When the fruit is collected, it should be put in a dry airy place, to await the process of grinding. For this we adopt the plan of spreading it in sheds or outhouses on wattled hurdles. This keeps it from the rain, by which it becomes sodden when in exposed heaps: then the wind will only partially dry it, and the result will be a general heating of the mass, which results, if not in quick decay amounting to absolute rottenness, yet in that state, technically called “moisey,”[31] or dead, in which the juices are nearly dried up and the fruit flavourless.

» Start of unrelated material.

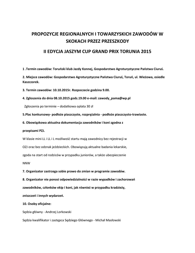 PROPOZYCJE REGIONALNYCH I TOWARZYSKICH ZAWODÓW W SKOKACH PRZEZ PRZESZKODY II EDYCJA JASZYM CUP GRAND PRIX TORUNIA 2015 1 .Termin zawodów: Toruński klub Jazdy Konnej, Gospodarstwo Agroturystyczne Państwa Ciuruś. 2. Miejsce zawodów: Gospodarstwo Agroturystyczne Państwa Ciuruś, Toruń, ul. Wieżowa, osiedle Kaszczorek. 3. Termin zawodów: 10.10.2015r. Rozpoczecie godzina 9.00. 4. Zgłoszenia do dnia 08.10.2015 godz.19.00 e-mail: [email protected] Zgłoszenia po terminie – dodatkowa oplata 30 zł 5.Plac konkursowy- podłoże piaszczyste, rozprężalnia - podłoże piaszczysto-trawiaste. 6. Obowiązkowa aktualna dokumentacja zawodników i koni zgodna z przepisami PZJ. W klasie mini LL i LL i L możliwość startu mają zawodnicy bez rejestracji w OZJ oraz bez odznak jeździeckich. Obowiązują aktualne badania lekarskie, zgoda na start od rodziców w przypadku juniorów, a także ubezpieczenie NNW 7. Organizator zastrzega sobie prawo do zmian w programie zawodów. 8. Organizator nie ponosi odpowiedzialności w razie wypadków i zachorowań zawodników, członków ekip i koni, jak również w przypadku kradzieży, zniszczeń i innych wydarzeń. 10. Osoby oficjalne: Sędzia główny - Andrzej Lorkowski Sędzia kwalifikator i zastępca Sędziego Głównego - Michał Masłowski Sędzia - Aleksandra Oczachowska Sędzia/ komisarz - Ewa Burdzy Gospodarz toru - Piotr Masłowski Obsługa komputerowa - Piotr Masłowski Sprawy organizacyjne - Sławomir Ciuruś tel.660 423 039 11. Opłaty: Wpisowe: 100 zl od konia za całe zawody, 50 zł od konia za całe zawody dla wszystkich koni zawodników TKJK. Startowe: 10zł od konia za start w Jaszym Cup. Startowe w całości przeznaczone będzie na nagrodę - w postaci bonu na sprzęt jeździecki- dla zwycięscy konkursu finalowego . 12. PROGRAM ZAWODÓW: 10.10.2015 r. (sobota godz. 9.00) KONKURS nr.1 mini LL -z trafieniem w normę czasu (towarzyski) KONKURS nr.2 kl. LL-z trafieniem w normę czasu (towarzyski) KONKURS nr 3. kl. L- dwufazowy art.274.5.3 (towarzystki) KONKURS nr 4. kl. L- LICENCYJNY art.238.1.1 KONKURS nr 5.kl. P – zwykły z rozgrywką art.238.2.2 - Finał Jaszym Cup Grand Prix Torunia KONKURS nr.6. kl. N-zwykły art.238.2.1 Szczegóły zasad rozgrywania Jaszym Cup Grand Prix Torunia na stronie internetowej www.tkjk.pl. 13. NAGRODY: W konkursach nr 1, 2 i 3 - nagrody rzeczowe. W konkursie nr 5 - nagrody finasowe - I miejsce 400 pln, II miejsce - 250 pln, III miejsce - 150 pln, IV miejsce - 100 pln, V miejsce - 50 pln. W konkursie nr 6 - nagrody finasowe - I miejsce - 500 pln, II miejsce - 300 pln, III miejsce miejsce - 150 pln, V miejsce 100 pln. W konkursie Licencyjnym - flo. We wszystkich pozostałych konkursach flo, puchary. - 200 pln, IV Polski Związek Jeździecki prosi wszystkie osoby zaangażowane w jakikolwiek sposób w sporty konne o przestrzeganie przedstawionego poniżej kodeksu oraz zasady, że dobro konia jest najważniejsze. Kodeks Postępowania z Koniem: I. Na wszystkich etapach treningu i przygotowań konia do startu w zawodach, dobro konia musi stać ponad wszelkimi innymi wymaganiami. Dotyczy to stałej opieki, metod treningu, starannego obrządku, kucia, transportu. II. Konie i jeźdźcy musza być wytrenowani, kompetentni i zdrowi zanim wezmą udział w zawodach. Odnosi się to także do podawania leków i środków medycznych, zabiegów chirurgicznych zagrażających dobru konia lub ciąży klaczy, oraz do przypadków nadużywania pomocy. III. Zawody nie mogą zagrażać dobru konia. Wymaga to zwrócenia szczególnej uwagi na teren zawodów, powierzchnie podłoża, pogodę, warunki stajenne, kondycje koni i ich bezpieczeństwo także podczas podróży powrotnej z zawodów. IV. Należy dołożyć wszelkich starań, aby zapewnić koniom staranna opiekę po zakończeniu zawodów, a także humanitarne traktowanie po zakończeniu kariery sportowej. Dotyczy to właściwej opieki weterynaryjnej obrażeń odniesionych na zawodach, spokojnej starości, ewentualnej eutanazji. SERDECZNIE ZAPRASZAMY. Propozycje zatwierdzone przez KPZJ dnia 24.09.2015 - Krzysztof Kierzek

[31] Apple moise, or apple moce, was an old dish made of pressed apples. In cider counties apples are called moisey when they are juiceless, dry, and without flavour—dead. (See Archaic Dictionaries.)
We have seen heaps of apples, consisting of many waggon-loads, in the orchard at Christmas, when wet and frost had so preyed upon them that none of their proper juices remained. This is certain to make a cider which will be of inferior quality; and though some of our friends boast of the good quality of their cider which has been made in the roughest manner, yet one cannot help thinking how much better it might have been with the fruit carefully collected, and kept until it could be ground. Still, with all our care in this matter, disappointment is sometimes the result; for it is with cider as with wine, the season will have a great deal to do with it, though with both, the manner of making and storing will be all-important matters, to which we shall advert in the next chapter.
We much object to the gathering of fruit for any purpose in the wet. Were it not for the expense, it would be better to take advantage of dry weather, and to collect even cider-fruit by hand-picking before it has become dead ripe, and so let the ripening process be completed in some dry storing-place. In our own experience of cider-making, the two or three casks made for home consumption from carefully picked and well-kept fruit are usually of the best quality, and so made we believe cider to be a most agreeable and very wholesome beverage,—to paraphrase Isaac Walton, only fit for farmers or very honest men. As long, however, as rough people are about who never know when they have had enough, the rougher cider made by a ruder process is quite good enough.
It must be obvious to all that if a man can drink as much as four gallons of good cider in a day’s mowing, he would be better off with a less quantity of an inferior sort, supplemented with tea or coffee.
[CHAPTER L.]
ON CIDER-MAKING AND ITS MANAGEMENT.
In making cider or perry it is well not to begin unless the weather be moderately cool, as in hot weather the changes in the fluid become too rapid, and it consequently does not keep well.